Nothing but the lines below from the one with "Cough and Sore" through the one with "В мире гораздо" should be output, each exactly as given, and no pictures.

--- TASK MATERIAL ---
------------------------------------------------------------------------

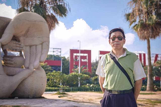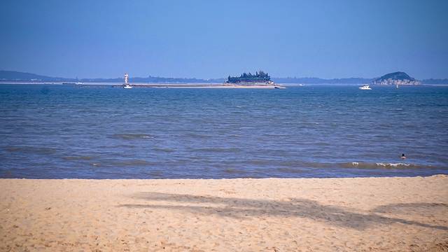 作为起点的会展中心前,是一片非常开阔的沙滩。沿着沙滩,是铺设完善步行道和骑行道。眺望远方,隐约还能看见观音山的观音像和CBD区域的各种高楼大厦。这片沙滩上几乎没有游客,也几乎没有遮荫的椰子树。虽然已经过了骄阳正午,无遮挡的海边依然让人睁不开眼。
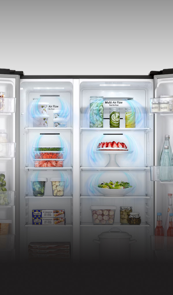 El aire fluye en todas las direcciones para mantener la comida fresca por más tiempo.
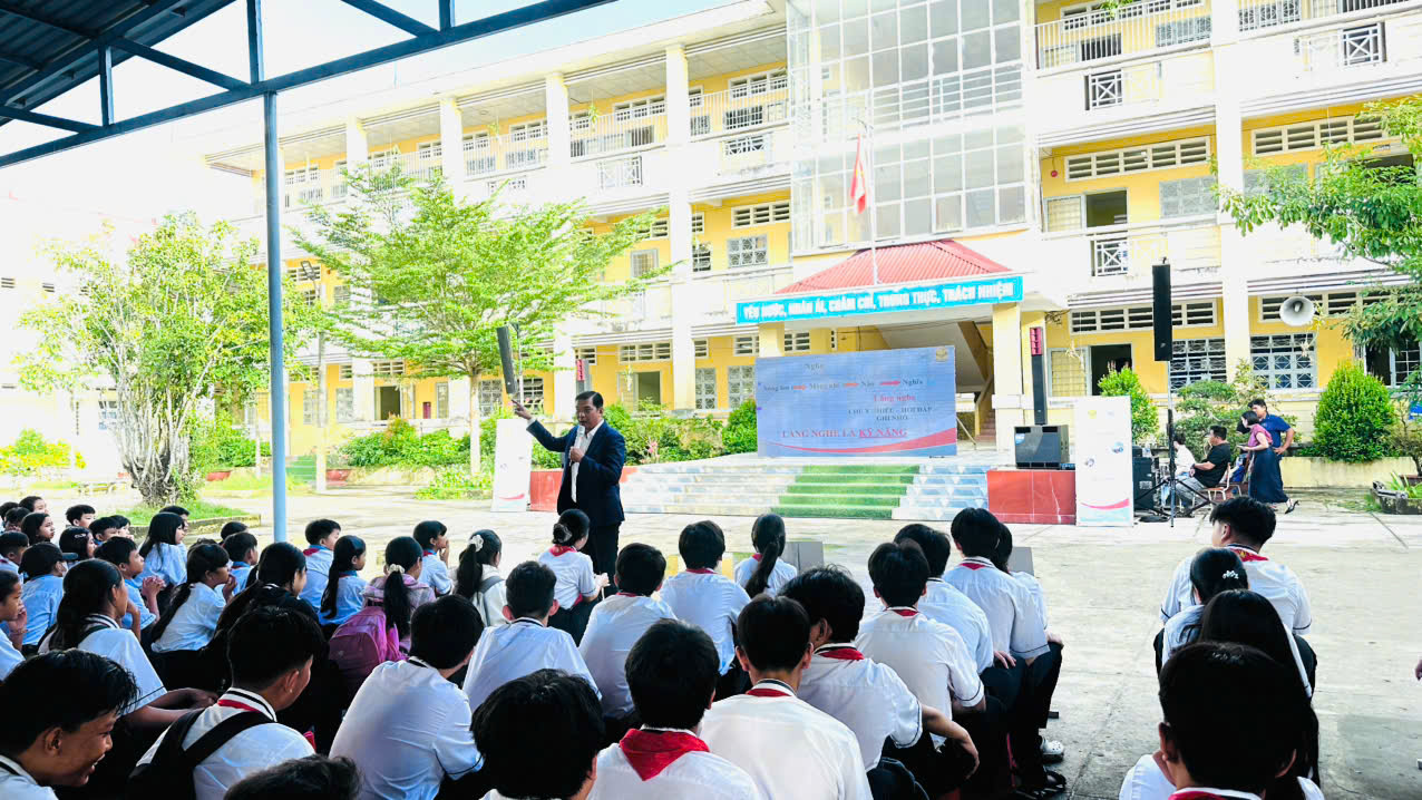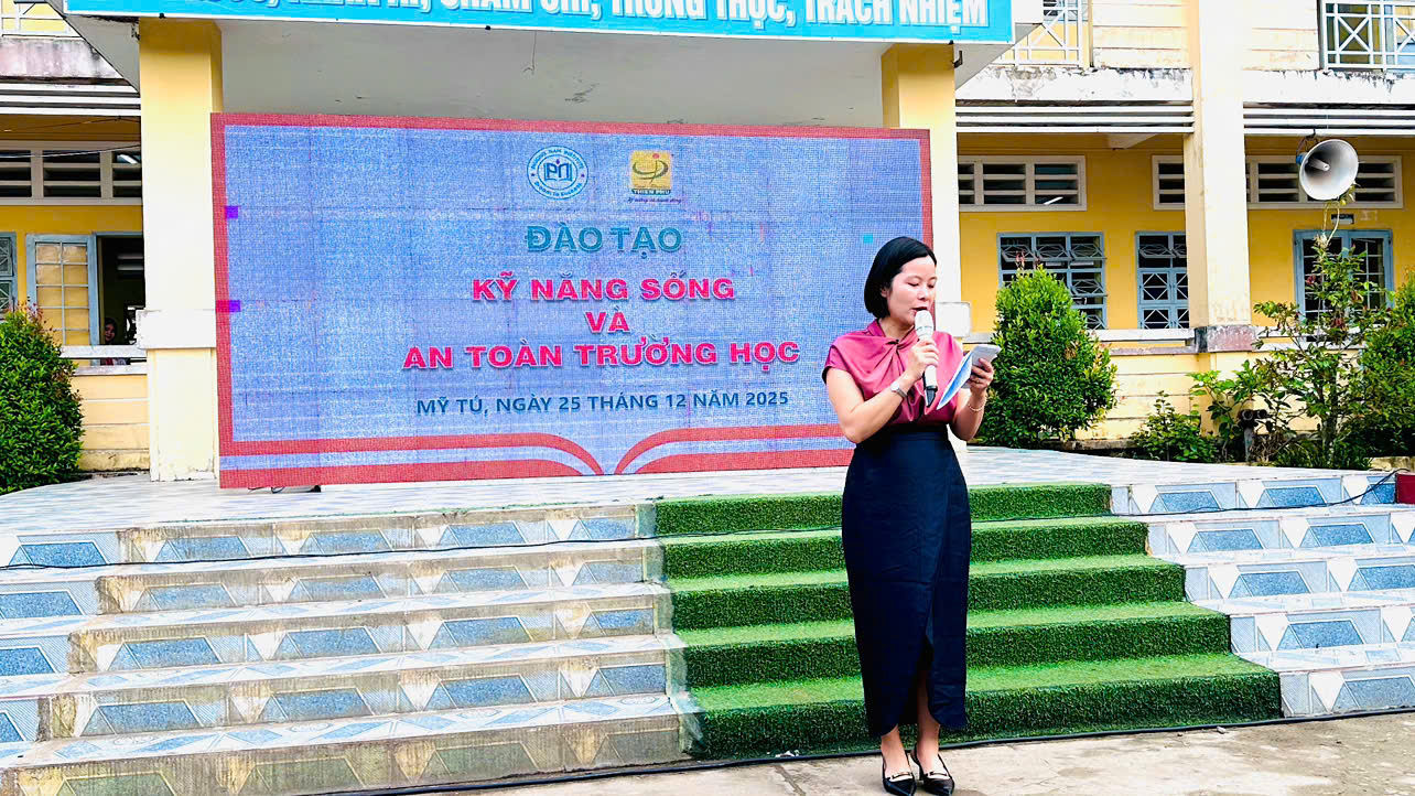 📅 Sáng ngày 26/12/2025, tại sân lễ Trường THCS Huỳnh Hữu Nghĩa, nhà trường đã tổ chức Chương trình Đào tạo kỹ năng sống và an toàn trường học với sự tham gia của đông đảo học sinh và giáo viên hai đơn vị trường học.
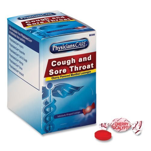 Cough and Sore Throat, Cherry Menthol Lozenges, Individually Wrapped, 50/Box
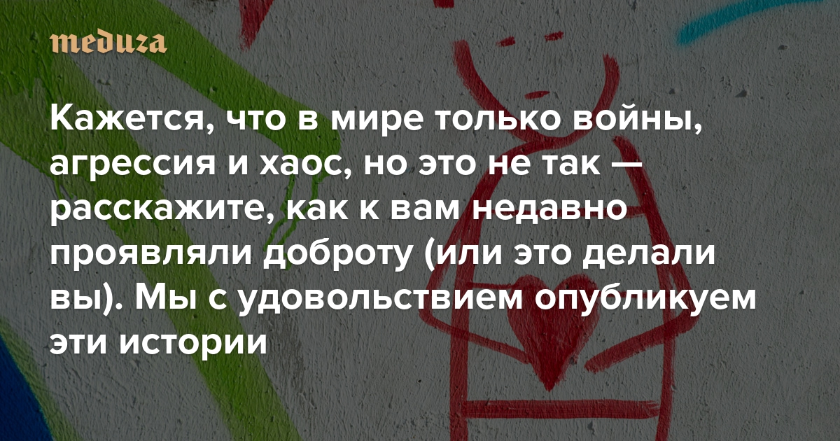 В мире гораздо больше доброты, чем можно представить, просматривая новости (кстати, если чтение новостей стало для вас проблемой, воспользуйтесь нашей инструкцией). Каждый день люди совершают добрые поступки. Это может быть что-то совсем крошечное: например, один человек уронил перчатку, а другой поднял ее и отдал. А может быть что-то серьезнее: кто-то пускает к себе пожить друга, который лишился работы, и дает ему столько времени на поиски нового источника дохода, сколько нужно. Мы рады будем историям любого масштаба! Часть из них мы опубликуем.
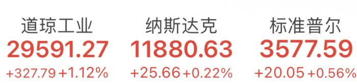 美国东部时间11月23日,阿斯利康宣布其与牛津大学合作研发的新冠病毒疫苗有效率最高可达90%,三大股指全线上涨。截至收盘,道琼斯工业平均指数涨1.12%,报29591.27点;纳斯达克综合指数涨0.22%,报11880.63点;标普500指数涨0.56%,报3577.59点。
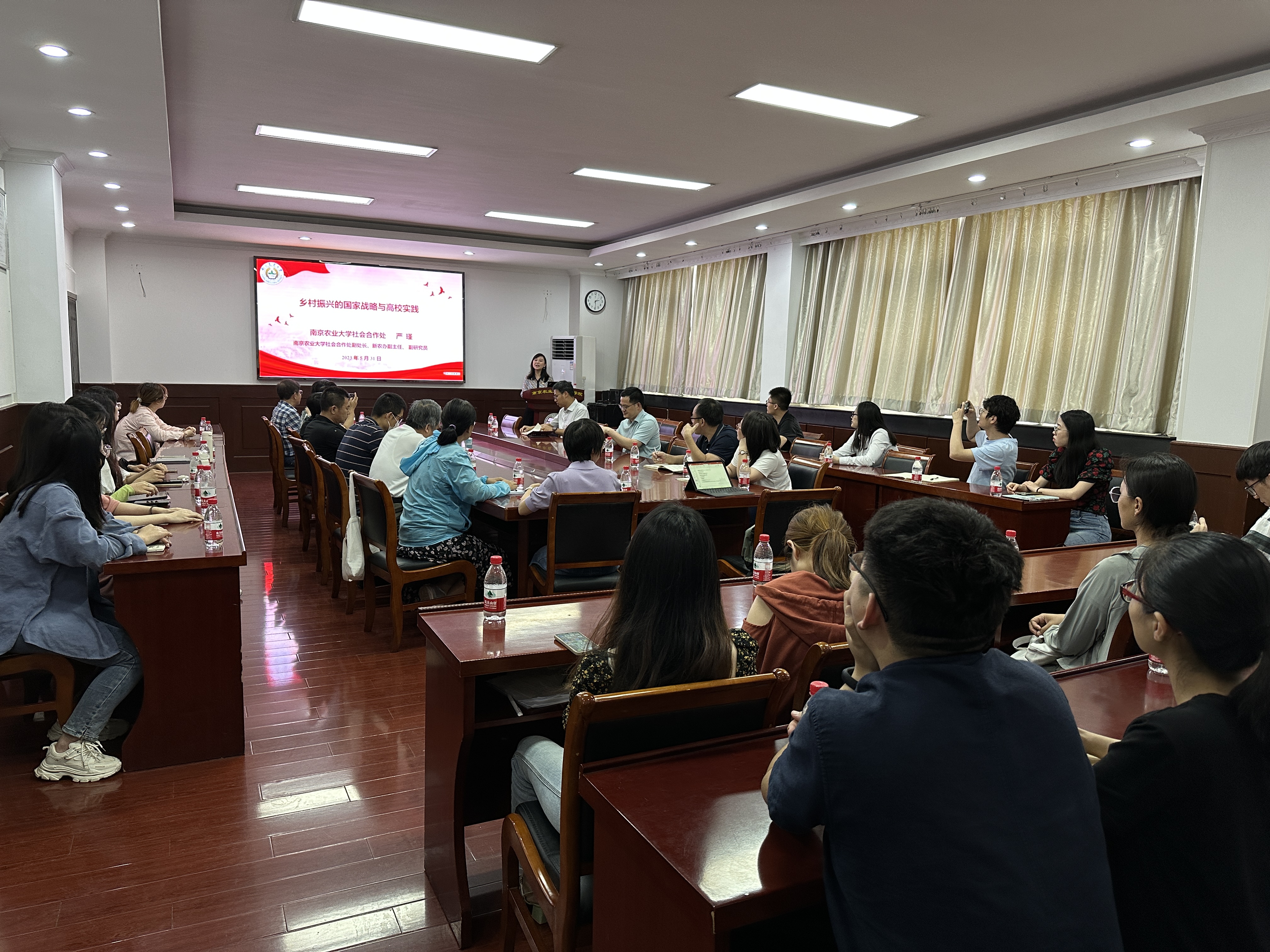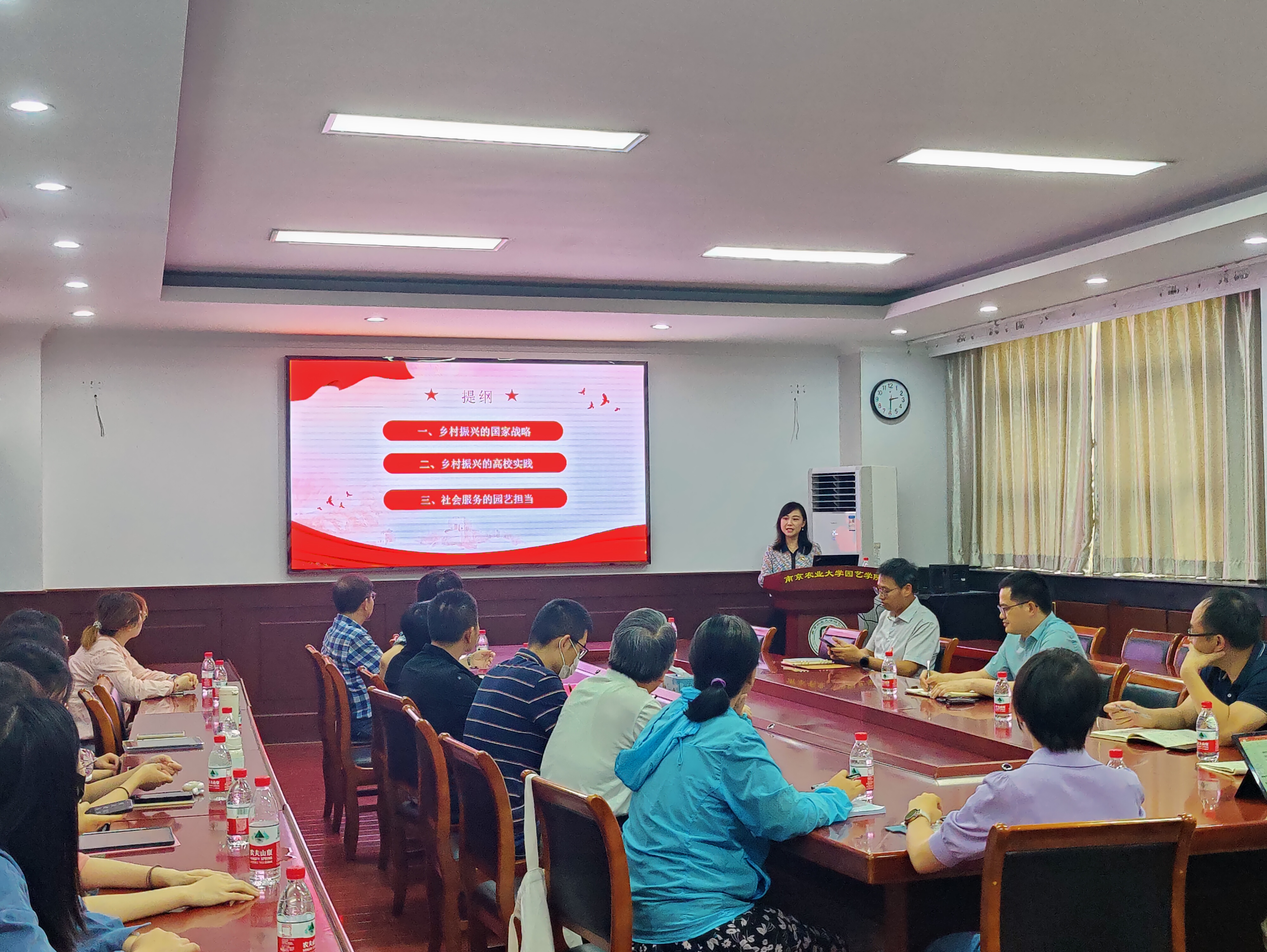 5月31日,社会合作处积极联系园艺学院组织开展主题教育党课和调研活动,社会合作处副处长严瑾作题为《乡村振兴的国家战略与高校实践》的党课报告,并在会后与园艺学院师生代表调研座谈。严瑾副处长联系的园艺蔬菜设施教师党支部全体党员参会,同时蔬菜博士研究生党支部全体党员以及园艺学院各个师生党支部代表均参加了本次主题教育联学活动。会议由蔬菜设施教师党支部书记李季主持,园艺学院党委书记韩健全程参会并作总结讲话。

------------------------------------------------------------------------

--- RESPONSE TO THE TASK ---
 Cough and Sore Throat, Cherry Menthol Lozenges, Individually Wrapped, 50/Box
 В мире гораздо больше доброты, чем можно представить, просматривая новости (кстати, если чтение новостей стало для вас проблемой, воспользуйтесь нашей инструкцией). Каждый день люди совершают добрые поступки. Это может быть что-то совсем крошечное: например, один человек уронил перчатку, а другой поднял ее и отдал. А может быть что-то серьезнее: кто-то пускает к себе пожить друга, который лишился работы, и дает ему столько времени на поиски нового источника дохода, сколько нужно. Мы рады будем историям любого масштаба! Часть из них мы опубликуем.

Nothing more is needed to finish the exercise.